Journal Papers

Shangmou Yang, Carmen Torres-Sanchez, Benoit Ter-Ovanessian, Paul P Conway

Published in the Journal of Alloys and Compounds, Volume 1010, 5 January 2025, 178081

Abstract

Bulk metallic glasses (BMGs) possess higher strength than crystalline alloys because crack propagation is halted through an amorphous structure without grain boundaries or crystal defects. Nanoinclusions can further enhance mechanical properties. Here we investigate how the formation of nanocrystals into a Ti_41.2Zr_10.6Cu_39.1Pd_9.1 BMG matrix via controlled annealing that leads to devitrification of the bulk microstructure, as well as chemical changes to the surface oxide layer, affects mechanical and biological performance. The BMG nanocrystalline composite (BMGC, 12.8 % crystallinity produced via annealing at 415 °C for 5 min, based on crystallisation kinetics studies) was compared to the fully amorphous BMG and the fully crystalline counterpart (annealed at 415 °C and 60 min). BMGC fracture strength (1374.6 MPa) was higher than that of the amorphous BMG (1303.1 MPa) and the fully crystalline specimen (644.4 MPa). Young’s moduli correlated negatively with the degree of crystallisation (78.3–66.2 GPa).

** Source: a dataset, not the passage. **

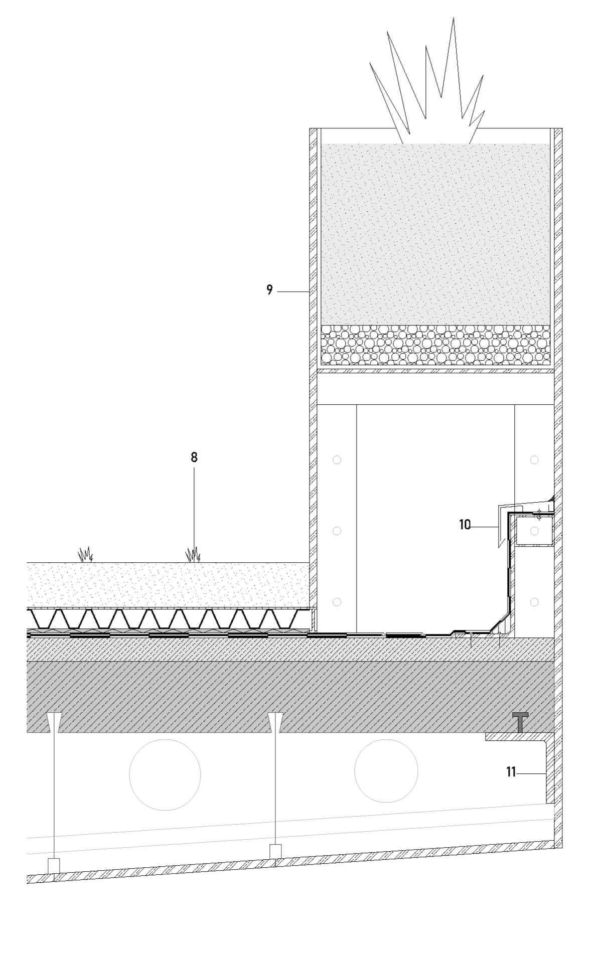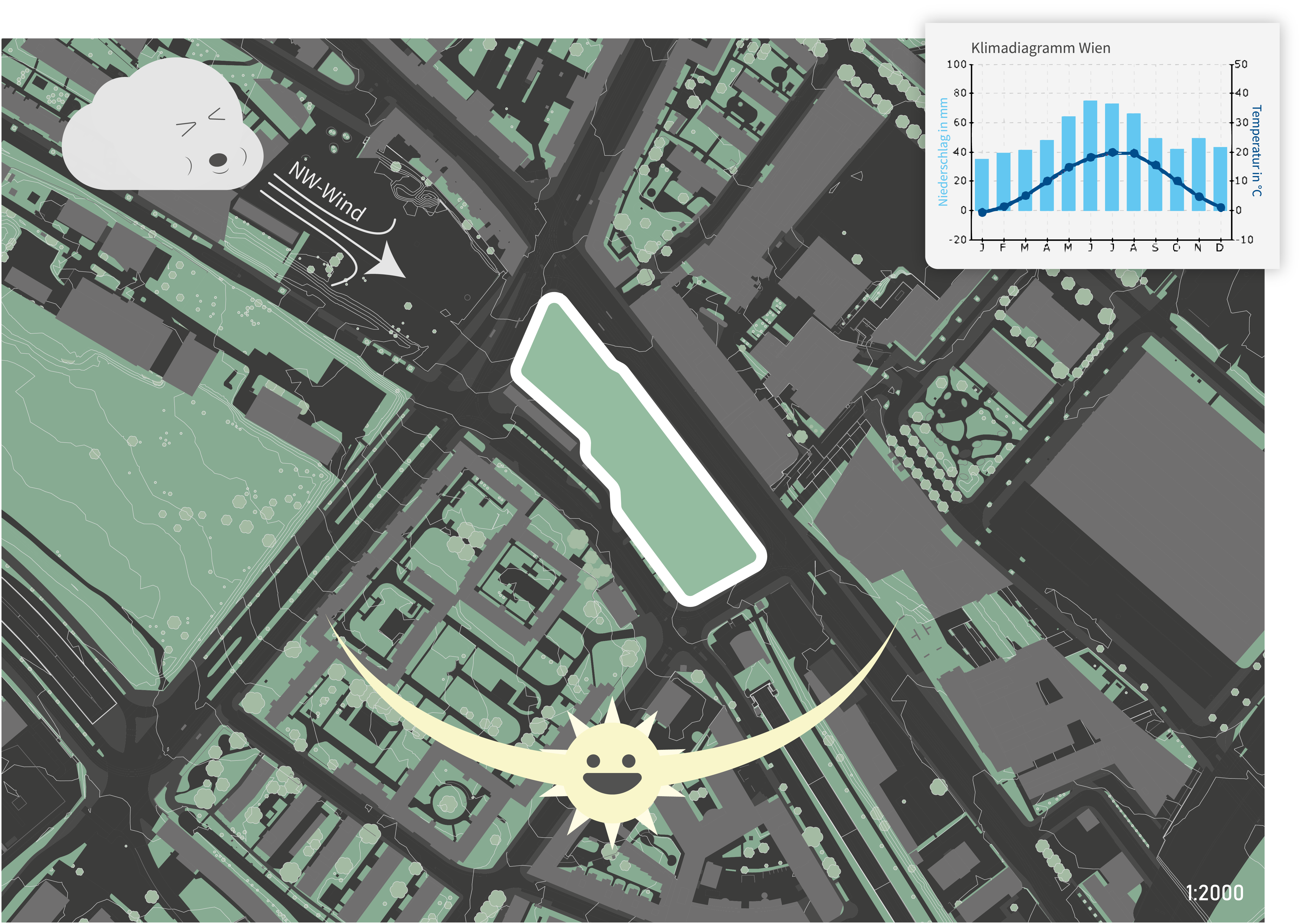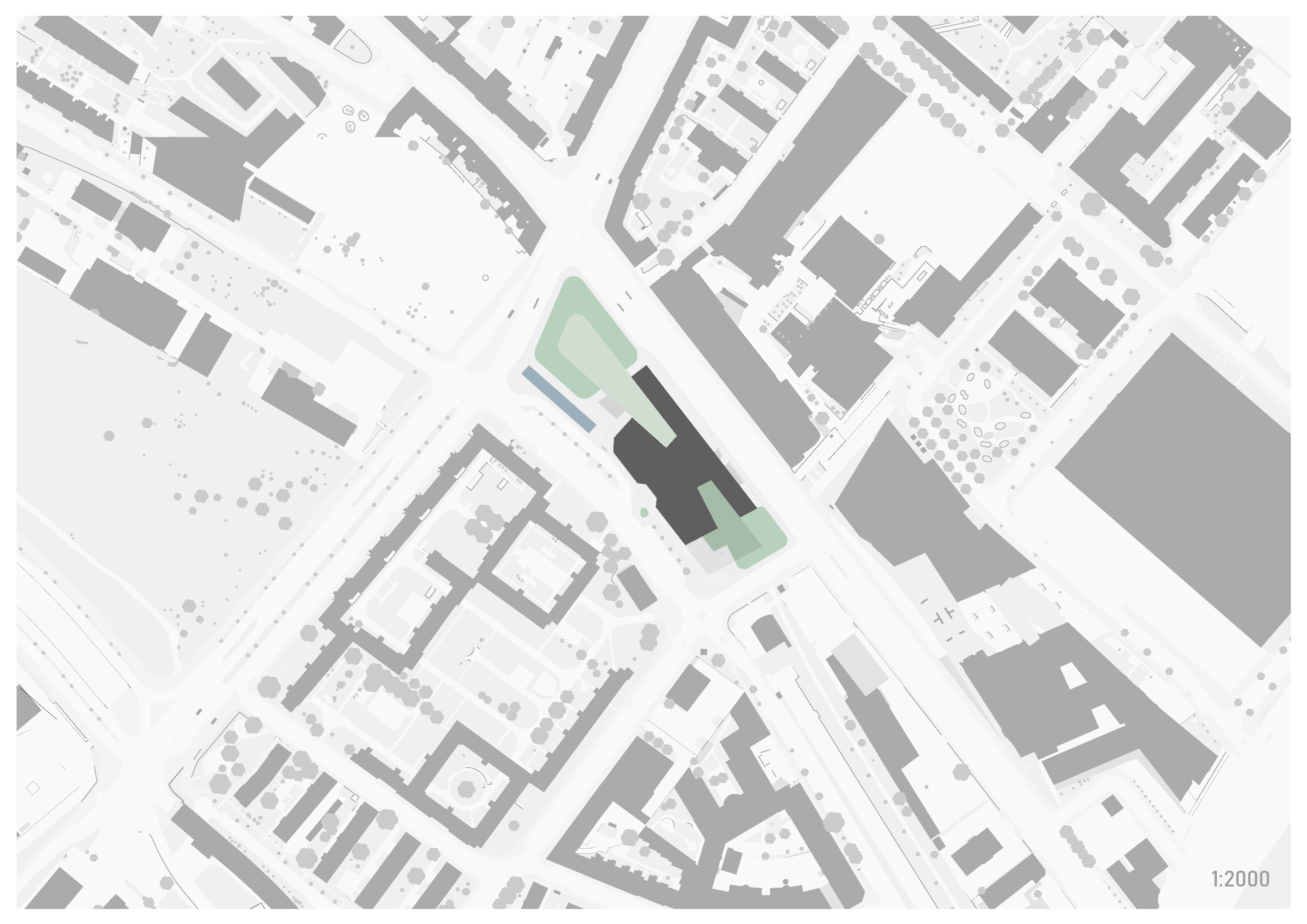 If one compares the course of the heights on the building site with the storey heights of the project, one immediately recognises the close connection. The accessible green roof on the 1st floor is intended to represent the existing hill of the building site and provide green space for the city interior, as it originally did.

The results from in vitro tests on MC3T3-E1 illustrate that the surface chemistry plays a crucial role enhancing osteoblastogenesis: the presence of Zr oxides, wettable surfaces and large values of polar component of Surface Free Energy due to the nanocrystals, and a thinner oxide layer with low concentrations of Cu_xO, positioned BMGC as the preferred substrate. Tailoring amorphicity-to-crystallinity ratio in a Ti-Zr-Cu-Pd BMG is a route to create multifunctional substrates.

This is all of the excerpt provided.